Никогда, никогда не сможет он привыкнуть к запаху преступников — спертым, разрывающим ноздри миазмам тюрьмы. В отличие от запаха бедности — достойной бедности, горькой, но гордой, покрытой религиозным покрывалом святости, — преступление обладает присущей ему одному вонью, отвратительной затхлостью дрожжей, что вполне могло быть горькой, жестокой местью Господа Бога, который оставался в стороне, в то время как Его Сын претерпевал ужасные языческие мучения. Возможно, такова участь преступников, гниющая плоть Христа посылается им свыше как напоминание, что у смерти есть друг. И это — нечистый смрад, вопли и склоки людей, заключенных в тюрьму, общающихся друг с другом с помощью бессвязного бормотания, смятение, жизнь по объявленному громкоговорителем расписанию, нарушение прав личности — являлось краеугольным камнем наказания за поступок Тедди.

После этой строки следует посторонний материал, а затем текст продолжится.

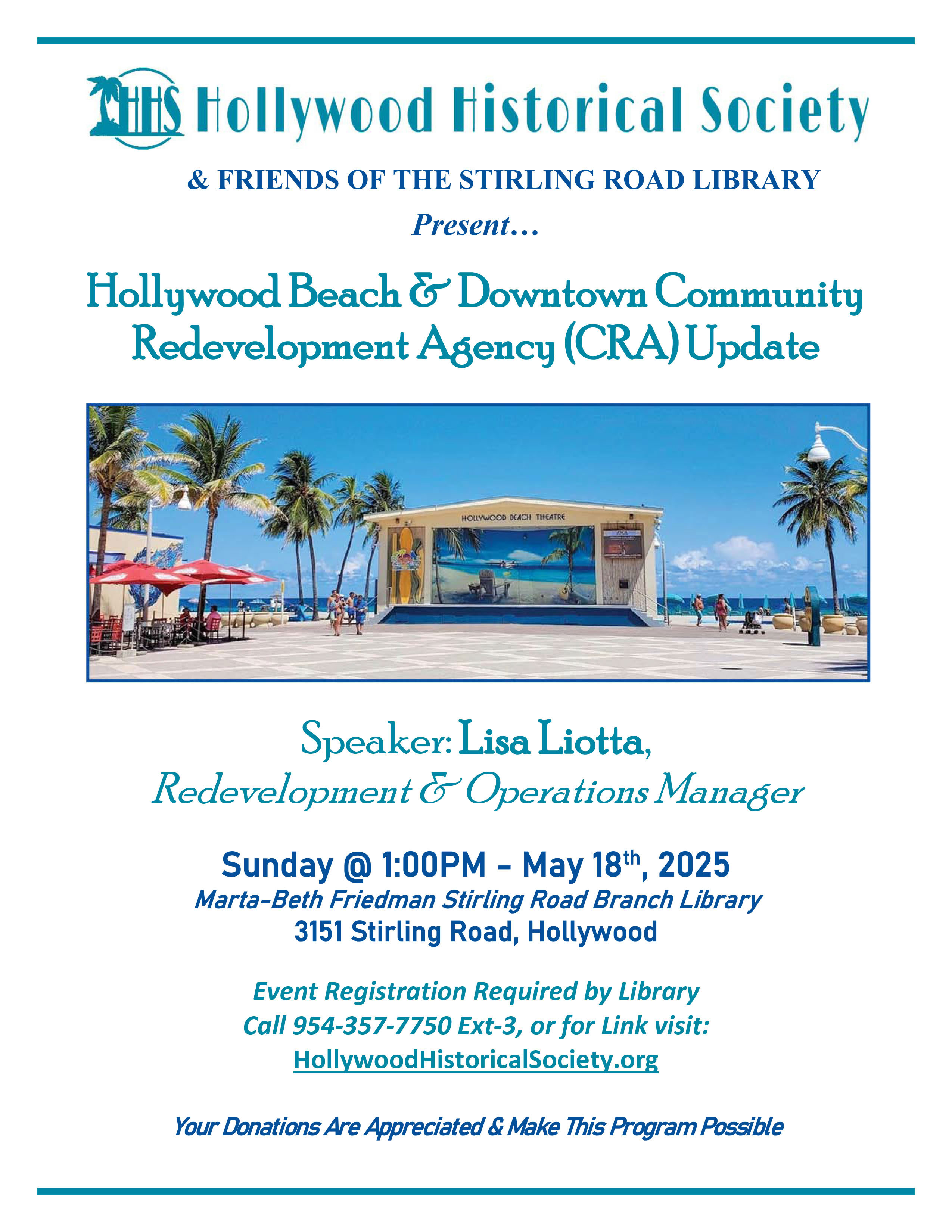 Please contact us to see how you can help our historic community!Phone: 954-923-5590 || email: HollywoodFLhistory@att.net Mail Checks to: Hollywood Historical Society, P.O. Box 222755, Hollywood, FL 33022 |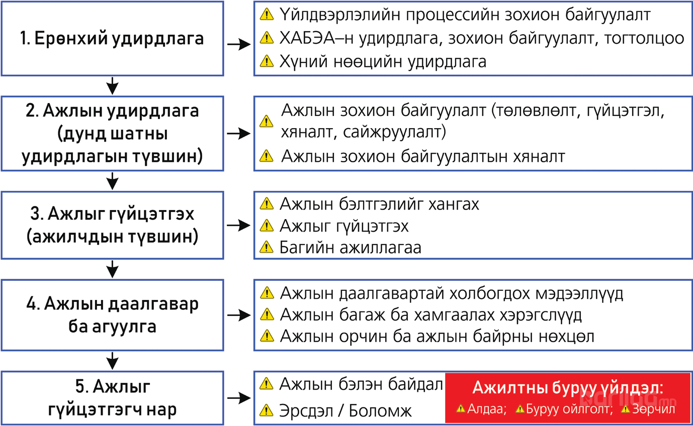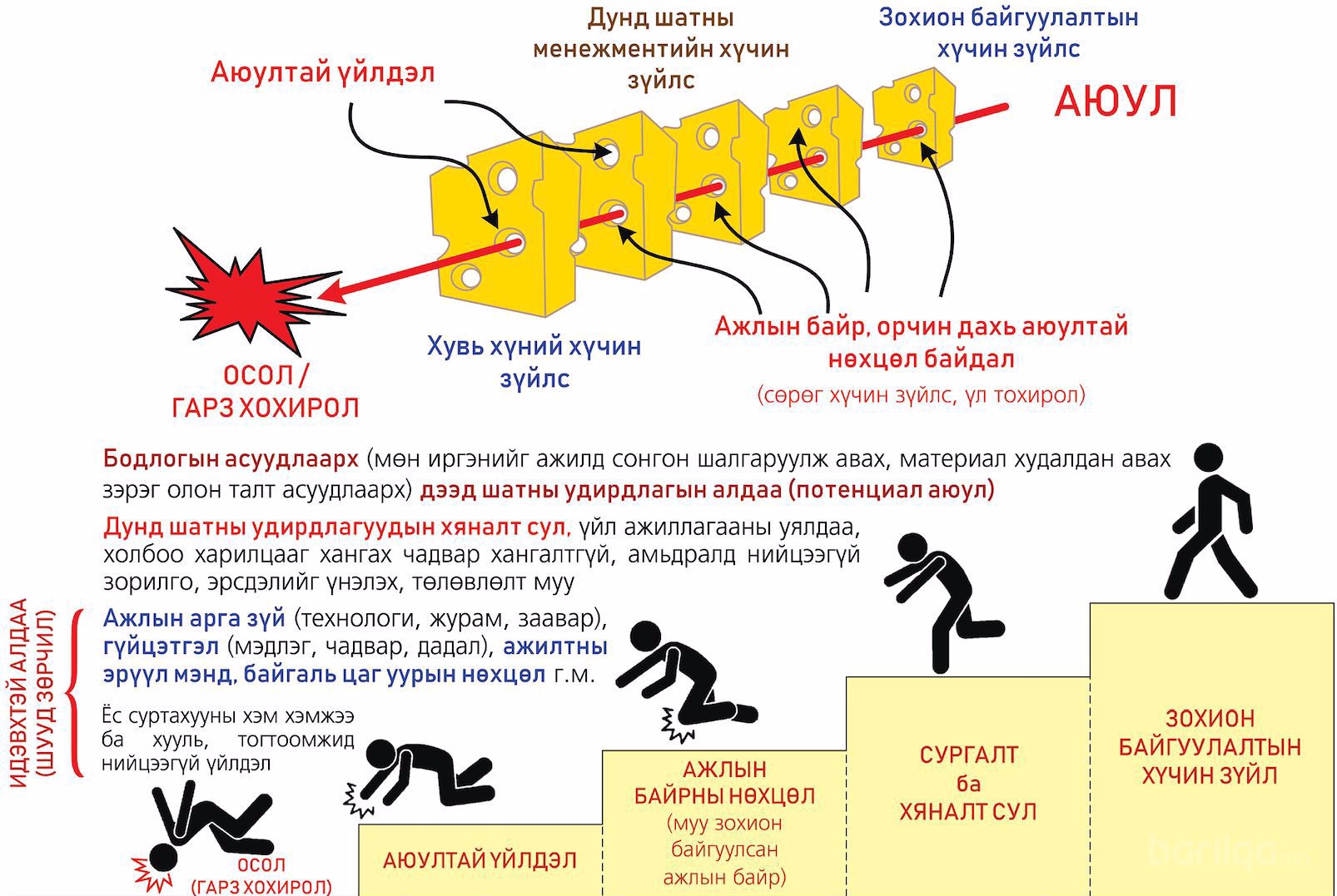 - Ажилтныг аюулгүй ажиллагаанд сургаж дадлагажуулах тогтолцоо нь алдаатай, эсвэл тогтолцоо бүрдээгүй,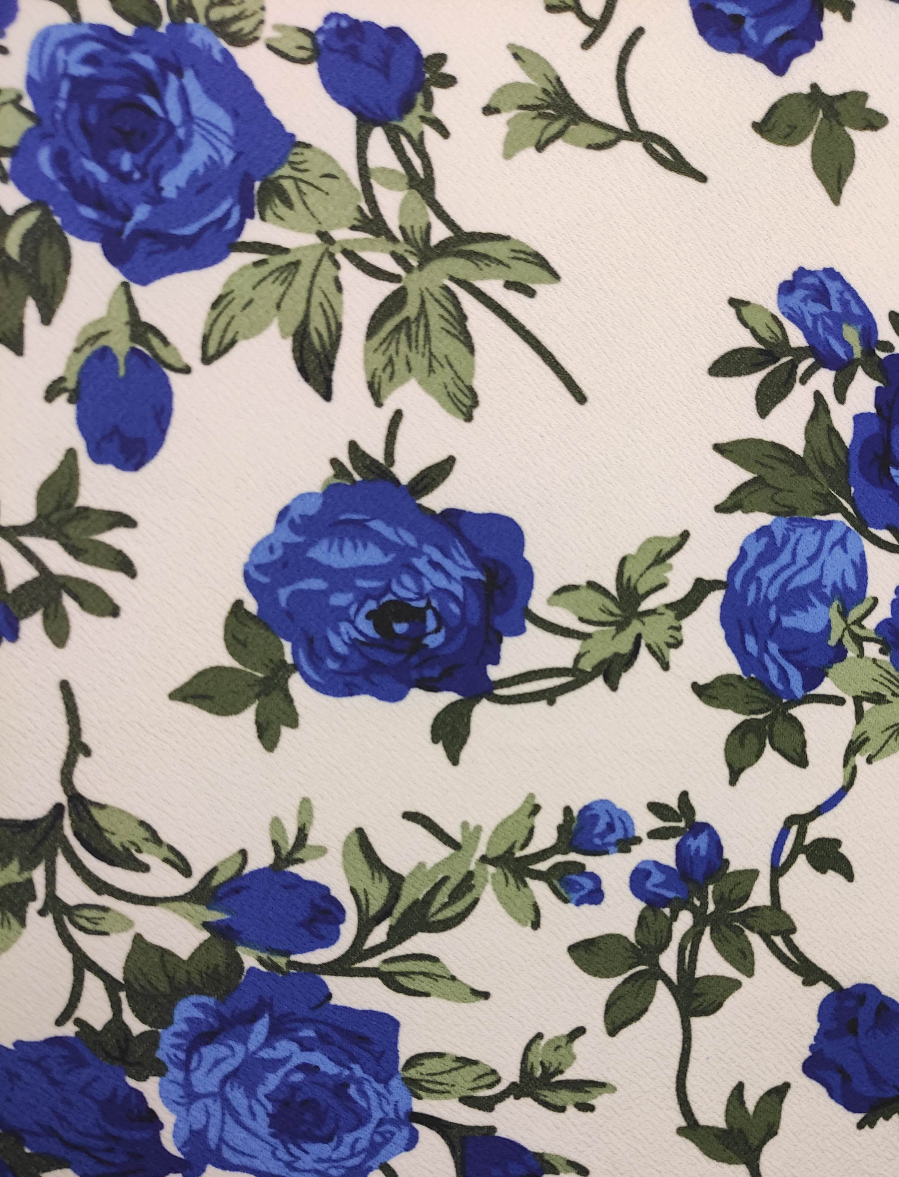This is a beautiful poly spandex stretchy abstract printed fabric with blue roses on white background. Regular Size limited to only 9. Bambino Size is limited to only 10, Ankle Biter Size is limited to 2, Lil Nipper Size is limited to 2. No more will be made when they are gone.

Чтобы развеять скучное однообразие, он взахлеб читал. Детективы Сименона, биография Кольриджа, написанная английским профессором, «Дон Кихот», «Красное и черное», «Цветы зла», «Мадам Бовари» (переданные через Алекса Барбарой книги должны были провести Тедди через все закоулки французской литературы). Время от времени он открывал библию: Ветхий завет — в поисках указания пути, Новый — подтверждая то, что пророки и святые так же, как он сам, пребывали в неведении. С неослабеваемой настойчивостью Тедди ежедневно осаждали репортеры, надеясь, что он передумает и согласится на интервью. С одним из них он встретился. С человеком из АП, которому он сказал: «Передайте от меня всем вашим друзьям и коллегам: если вы хотите взглянуть на червей, откусите от своего собственного яблока».

К его удивлению, эти слова были напечатаны в газетах. Во время голода шакал в отчаянии пожирает собственные внутренности. У Тедди не было желания никого видеть, ни Барбару, ни сына, подобно спортсмену, он готовился к утомительным нагрузкам; Барбара, как сообщил Дейл, не настаивала на свидании, хотя могла бы. Никакие средства связи не были совершенными — они оставляли свободу воображению. По собственной инициативе Робби взял в колледже отпуск и теперь все дни проводил в конторе. Иногда Тедди охватывали смущающие его воспоминания о Деб и времени, проведенном вместе с ней, о страдании слабости, заточенной вместе с безумием. Деб преодолеет свою слабость, ибо ее причина — это он, а он не позволил их отношениям зайти далеко.

Тюремщики, как выяснил Тедди, не были ни грубыми, ни мстительными — просто жертвы своего ремесла, несчастная неквалифицированная рабочая сила, отцы семейств, дожидающиеся возраста шестидесяти пяти лет, поры выхода на пенсию, социального пособия и сожалений о прошедшей мимо жизни. Лишь в конце жизни и в предчувствии смерти минуты приобретают сверхъестественную власть.

* * *

Он увиделся с ней за два дня до начала суда. Барбара пришла по его просьбе, принесла с собой фрукты, книги, немецкую колбасу, небольшой переносной проигрыватель с четырьмя пластинками Азнавура — набор гостинцев, приличествующий посещению больного. Несколько первых безмолвных минут ее отношение к нему явилось смесью неуклюжих материнских забот, суетливого участия и опасения того, что, вероятно, она встречается со своим возлюбленным — а Тедди был возлюбленным! — последний раз в жизни. Лицо девушки было бескровным, а руки приобрели болезненную белизну мела, и Тедди впервые разглядел на них темные синие вены. Ему показалось, что в глазах Барбары он увидел покорность, отступление с поля боя, и это встревожило его: не он, а Барбара стала вялой и безжизненной.